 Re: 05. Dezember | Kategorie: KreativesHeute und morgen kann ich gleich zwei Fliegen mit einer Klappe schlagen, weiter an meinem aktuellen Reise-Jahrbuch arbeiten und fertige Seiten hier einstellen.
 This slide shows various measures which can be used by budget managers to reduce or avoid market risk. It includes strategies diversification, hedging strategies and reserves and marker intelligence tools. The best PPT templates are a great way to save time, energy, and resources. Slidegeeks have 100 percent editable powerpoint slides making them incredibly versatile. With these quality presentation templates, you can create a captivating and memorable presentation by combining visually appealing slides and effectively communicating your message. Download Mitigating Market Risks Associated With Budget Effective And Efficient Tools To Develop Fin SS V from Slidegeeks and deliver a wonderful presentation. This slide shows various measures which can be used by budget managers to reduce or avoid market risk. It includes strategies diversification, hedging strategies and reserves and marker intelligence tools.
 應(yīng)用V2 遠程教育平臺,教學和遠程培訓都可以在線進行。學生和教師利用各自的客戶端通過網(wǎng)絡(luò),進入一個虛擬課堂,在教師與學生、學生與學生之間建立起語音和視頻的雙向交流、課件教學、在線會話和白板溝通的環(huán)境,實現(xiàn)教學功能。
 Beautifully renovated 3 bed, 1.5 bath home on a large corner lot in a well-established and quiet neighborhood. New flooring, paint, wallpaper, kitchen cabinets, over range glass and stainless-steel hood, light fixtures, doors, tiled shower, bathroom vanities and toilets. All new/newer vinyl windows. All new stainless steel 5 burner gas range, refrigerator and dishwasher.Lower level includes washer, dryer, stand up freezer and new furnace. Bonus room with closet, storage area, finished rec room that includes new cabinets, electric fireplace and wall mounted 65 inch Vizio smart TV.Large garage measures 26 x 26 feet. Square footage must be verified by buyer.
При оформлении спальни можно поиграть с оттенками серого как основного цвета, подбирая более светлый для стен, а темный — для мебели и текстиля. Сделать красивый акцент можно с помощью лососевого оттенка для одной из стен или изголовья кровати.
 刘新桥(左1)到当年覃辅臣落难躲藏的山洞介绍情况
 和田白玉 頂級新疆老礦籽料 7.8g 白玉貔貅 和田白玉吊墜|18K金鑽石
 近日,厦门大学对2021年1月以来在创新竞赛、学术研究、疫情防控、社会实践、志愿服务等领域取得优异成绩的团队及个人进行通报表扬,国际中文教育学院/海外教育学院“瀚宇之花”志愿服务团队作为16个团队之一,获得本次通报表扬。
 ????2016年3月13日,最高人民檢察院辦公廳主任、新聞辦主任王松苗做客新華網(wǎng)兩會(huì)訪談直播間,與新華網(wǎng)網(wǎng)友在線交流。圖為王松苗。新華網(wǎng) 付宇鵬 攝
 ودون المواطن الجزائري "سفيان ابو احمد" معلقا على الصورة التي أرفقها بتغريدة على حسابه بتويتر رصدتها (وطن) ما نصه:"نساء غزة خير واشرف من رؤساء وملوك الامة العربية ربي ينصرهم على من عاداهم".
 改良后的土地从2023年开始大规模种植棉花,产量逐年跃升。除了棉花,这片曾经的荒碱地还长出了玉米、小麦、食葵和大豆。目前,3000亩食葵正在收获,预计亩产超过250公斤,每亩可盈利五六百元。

» **What needs to be done**
The range runs from the line with "和田白玉 頂級新疆老礦籽料 7.8g 白玉貔貅 和田白玉吊墜|18K金鑽石" to the last line of the entries above, both included. Restate it word for word.

» **Response**
 和田白玉 頂級新疆老礦籽料 7.8g 白玉貔貅 和田白玉吊墜|18K金鑽石
 近日,厦门大学对2021年1月以来在创新竞赛、学术研究、疫情防控、社会实践、志愿服务等领域取得优异成绩的团队及个人进行通报表扬,国际中文教育学院/海外教育学院“瀚宇之花”志愿服务团队作为16个团队之一,获得本次通报表扬。
 ????2016年3月13日,最高人民檢察院辦公廳主任、新聞辦主任王松苗做客新華網(wǎng)兩會(huì)訪談直播間,與新華網(wǎng)網(wǎng)友在線交流。圖為王松苗。新華網(wǎng) 付宇鵬 攝
 ودون المواطن الجزائري "سفيان ابو احمد" معلقا على الصورة التي أرفقها بتغريدة على حسابه بتويتر رصدتها (وطن) ما نصه:"نساء غزة خير واشرف من رؤساء وملوك الامة العربية ربي ينصرهم على من عاداهم".
 改良后的土地从2023年开始大规模种植棉花,产量逐年跃升。除了棉花,这片曾经的荒碱地还长出了玉米、小麦、食葵和大豆。目前,3000亩食葵正在收获,预计亩产超过250公斤,每亩可盈利五六百元。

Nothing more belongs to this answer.